Please transcribe the listing below in full and word for word, without its pictures.

- SOURCE MATERIAL
··········

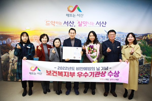 [충청뉴스큐] 충남 서산시는 비만 인식 제고 및 건강생활 실천 분위기 확산에 기여한 공을 인정받아 ‘비만예방의 날 기념’ 보건복지부 장관상을 수상했다고 22일밝혔다.
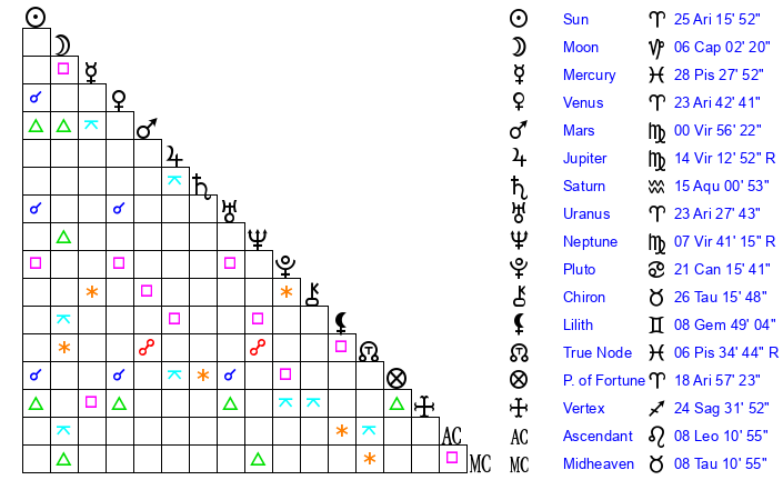 | Venus | 23 Aries 43 | 24 Pisces 47 | 16 Leo 39 |
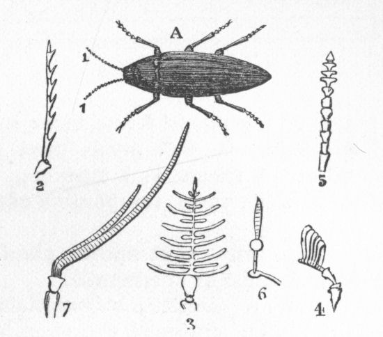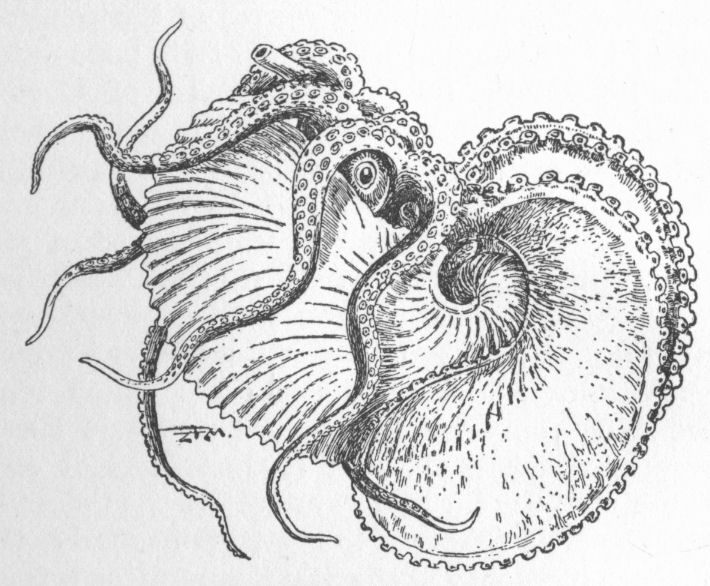 Am´monites, a group of fossil cephalopods, now divided into a large number of genera, ranging from the Coal Measures (Texas) to the uppermost cretaceous strata. The ammonites differ from the nautili in having the tube connecting the chambers placed on the outer margin of the coiled shell, while the calcareous neck where it passes through the partitions is directed forwards. The partitions are much folded, producing markings like the fronds of ferns where they meet the inner wall of the shell. The name arises from confusion with a coiled gastropod, which was held to resemble the horns of the Egyptian deity Jupiter Ammon.
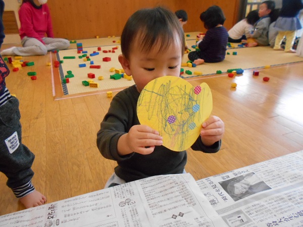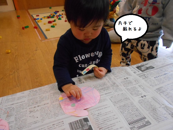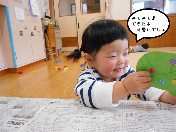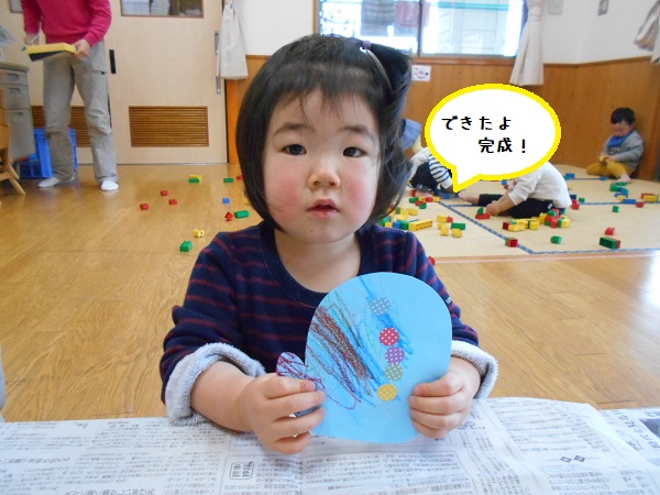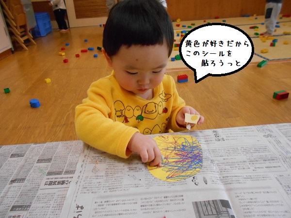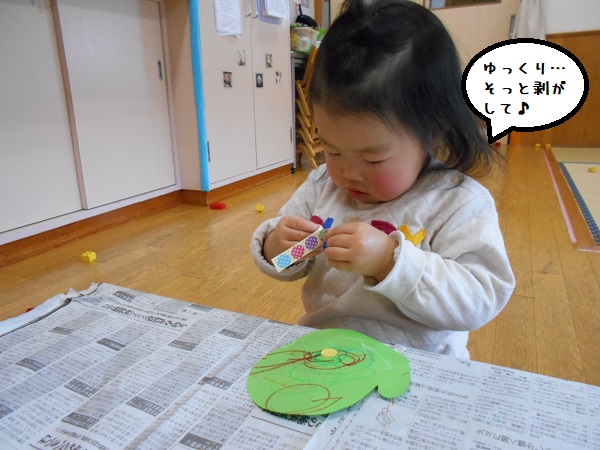次は丸い形のシールを貼ります。シールを台紙から剥がすことや貼る作業は、小さい子どもの手と指ではなかなか難しいものです。毎日の小さいことの積み重ねで、手先も大分器用になってきました。これも嬉しい成長です。

··········

- YOUR SOLUTION
 [충청뉴스큐] 충남 서산시는 비만 인식 제고 및 건강생활 실천 분위기 확산에 기여한 공을 인정받아 ‘비만예방의 날 기념’ 보건복지부 장관상을 수상했다고 22일밝혔다.
 | Venus | 23 Aries 43 | 24 Pisces 47 | 16 Leo 39 |
 Am´monites, a group of fossil cephalopods, now divided into a large number of genera, ranging from the Coal Measures (Texas) to the uppermost cretaceous strata. The ammonites differ from the nautili in having the tube connecting the chambers placed on the outer margin of the coiled shell, while the calcareous neck where it passes through the partitions is directed forwards. The partitions are much folded, producing markings like the fronds of ferns where they meet the inner wall of the shell. The name arises from confusion with a coiled gastropod, which was held to resemble the horns of the Egyptian deity Jupiter Ammon.
次は丸い形のシールを貼ります。シールを台紙から剥がすことや貼る作業は、小さい子どもの手と指ではなかなか難しいものです。毎日の小さいことの積み重ねで、手先も大分器用になってきました。これも嬉しい成長です。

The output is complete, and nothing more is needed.